The future of macro beer brands

US beer market | Is there no end to market fragmentation? Consumers are becoming more finicky. New products are creating their niches and category lines are blurring. Craft beers, the bright spot in the beer industry, keep on growing. So do wines, bourbons, tequilas, and cognacs, thanks to craft’s trailblazing. Without much effort they have adopted craft beer’s cachets of heritage, craftsmanship, regionality, a sense of premium and exclusivity. The consequence: macro beer brands continue to slip.

Lights off, sound level up: Boom boom boom … Bud Light … boom boom boom … “we are the #1 beer by far” … boom boom boom … “light lagers are most preferred” … boom boom boom … “beer has become too serious” … boom boom boom … “watch our highly successful Bud Light ad ‘Dilly Dilly’” … boom boom boom … “light lager has always been about fun and friends” … boom boom boom …Bud Light. Sound off, lights on. Polite applause from the audience.

It was a momentous performance delivered by Andy Goeler, AB-InBev’s Vice-President Bud Light Marketing, at the Beverage Forum in Chicago at the end of April. Pacing the stage back and forth to the beat of pounding drums, he gave the audience a bit of chest-thumping testosterone assertiveness from the King of Beers. His message: Bud Light, the number one beer brand in the US, is alive and kicking.

Probably designed to rally the troops – his distributors – at the brewer’s annual Sales and Marketing Communication Meeting (SAMCOM) and to energise them around the brand, his presentation failed to bring out cries of Hallelujah!. Blame it on the audience. This time, Mr Goeler was not preaching to the converted. Rhetorically and otherwise, he was up against the closed ranks of the most stubborn infidels you can think of. The Beverage Forum’s audience was packed with the Who’s Who of the US beverage industry, who all probably wondered: “Andy where’s the beef? How do you think you can turn Bud Light’s sales around?

Josh Joel, the author of the excellent book on Goose Island (“Barrel-Aged Stout and Selling Out”), describes Mr Goeler, 61, as the epitome of the Anheuser-Busch company man. He joined the brewer in 1980 and was named director of marketing for Bud Light in 1995. On his watch Bud Light rose to replace Budweiser as the company’s best-selling beer. He then took over Budweiser to stop that brand’s decline. Spectacularly cast against type, he later ran Anheuser-Busch’s craft and import division. This forced him to don a more subdued demeanour as well as chinos and a polo shirt at a Beverage Forum a few years ago.

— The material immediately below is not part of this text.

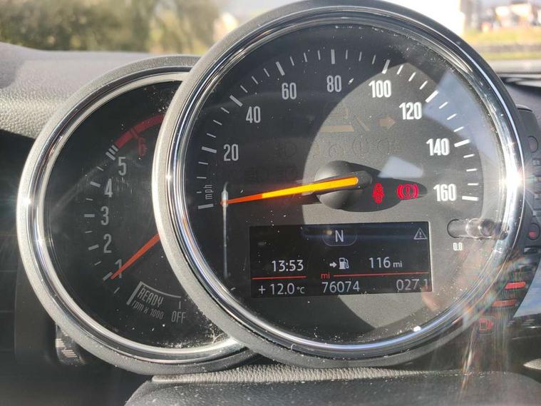 Acoustic seat-belt warning, Brake fluid level warning light, Brake pad wear indicator warning light, DTC - Dynamic traction control, Exterior temperature gauge, Intelligent emergency call, MINI TeleServices, Oil level indicator, On board computer, Push button starter, Service interval indicator, Servotronic PAS, Diesel particulate filter, Electronic differential lock, Performance Control, Auxiliary input socket, DAB digital radio module, 2 speed wipers+intermittent wipe, Anti dazzle mirror, Anti trapping/one touch open close front windows, Body colour scoop integrated into engine- compartment lid, Body coloured bumpers, Chrome bezels around rear lights and headlights, Chrome door handles, Chrome plated fuel cap, Chrome plated trim on bottom edge of window, Chrome strip on lower grille, Electric front windows, Electrically adjustable door mirrors, Flared wheel arches, Follow me home headlights, Green tinted heat insulating glass, Heated door mirrors/heated windscreen washers, Heated rear window with auto timer, High gloss black tailgate, Honeycomb radiator grille, Metal look door sill finishers, Rear wiper, Twin chromed exhaust pipes, White indicator lights, 2 rear head restraints, 4 boot load lashing points, 4 way manually adjustable passenger seat with height, reach, tilt, backrest and headrest, 6-way manually adjustable driver's seat, Active carbon filter, Air recirculation system, Auxiliary socket in centre console storage compartment, Centre console storage, Driver's seat height adjuster, Driver/passenger sunvisors, Front and rear cupholders, Front head restraints, Front interior light, Front passenger grab handle, Front seat backrest storage nets, Front sports seats, Gear/selector and handbrake in artificial leather, Internal chrome door handles, Isofix child seat preparation, Luggage compartment lighting, Reach + rake adjustable steering column, Rear grab handles, Rear storage trays, Split folding rear seats, Storage compartments in doors, Toolkit in luggage compartment, Vanity mirrors, 3 point seatbelts, ABS/EBD, ASC+T, Cornering brake control (CBC), Crash Sensor - activates hazard/interior lighting + unlocks doors, Driver and passenger airbags, Driver/front passenger side airbags, DSC - Dynamic Stability Control, Fuel cut off safety device, Head airbags, Hill start assist, Passenger airbag deactivation system, Seatbelt pretensioners, Tyre pressure warning, Ventilated front disc brakes, Drive away door locking, Locking wheel bolts, Remote central locking/doors+fuel cap+tailgate, Second remote key, Thatcham category 1 alarm + immobiliser,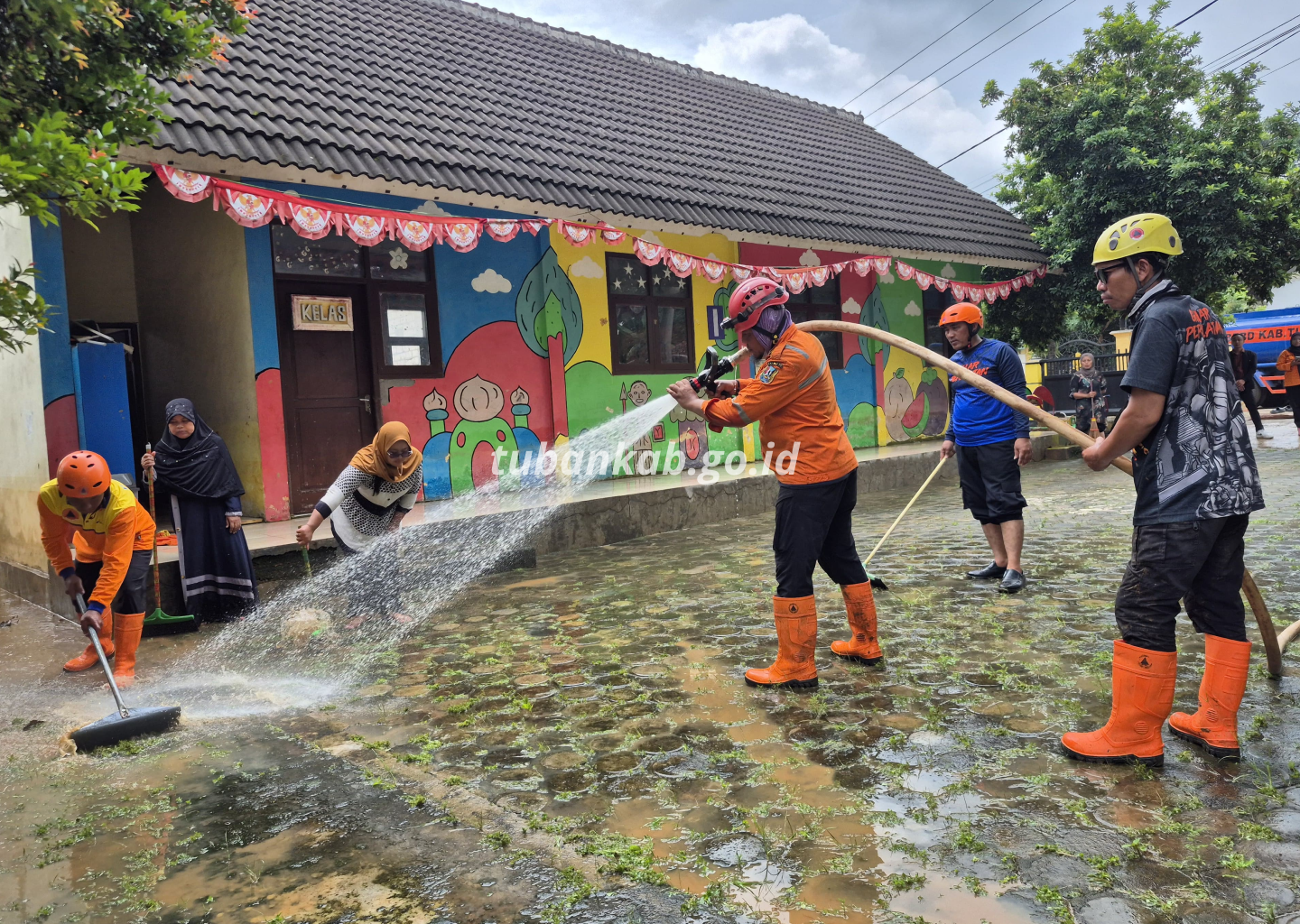 Selain rumah warga, sejumlah fasilitas umum juga terdampak dan membutuhkan pembersihan pascabanjir. Personel diterjunkan untuk melakukan pembersihan di MI Salafiyah, TK Salafiyah, SDN Sumurgung 1, SDN Ngrayung 1, serta SDN Genangharjo 2. Kalaksa BPBD Tuban memastikan proses pembersihan terus dilakukan agar aktivitas masyarakat dan kegiatan belajar mengajar segera kembali normal.

Back in charge of Bud Light, Mr Goeler is putting up a brave fight. Whether he can perform miracles – and nothing less will do – remains to be seen.

The problem, after decades of research into consumers’ minds and preferences, is that the Big Brewers have not come with much and what they have is still erroneous. Mr Goeler said that new drinkers seek “variety”, something “local” and “fun”. If “variety” is Mr Goeler’s shorthand for consumers’ apparently promiscuous tastes, he has not grasped the basics. Consumers do not seek variety, they seek diversity. The difference is essential. Variety means spin-offs from an original, diversity an assortment of differences.

If the Big Brewers believe a wider brand portfolio – variety – is the answer, they got it wrong. Today’s consumers want a full drinks cabinet and whatever else the fridge can hold. Bud Light obviously fails on the first two counts: diversity and localism. Neither can it bring out an endless stream of new styles on a weekly basis, as many craft brewers do, nor can it self-deflate to local brand. Apropos delivering “fun”, Anheuser-Busch’s stage hog sounded a bit pathetic when he insisted that “light lager has always been about fun and friends.” So how come younger consumers do not associate macro beer brands with fun?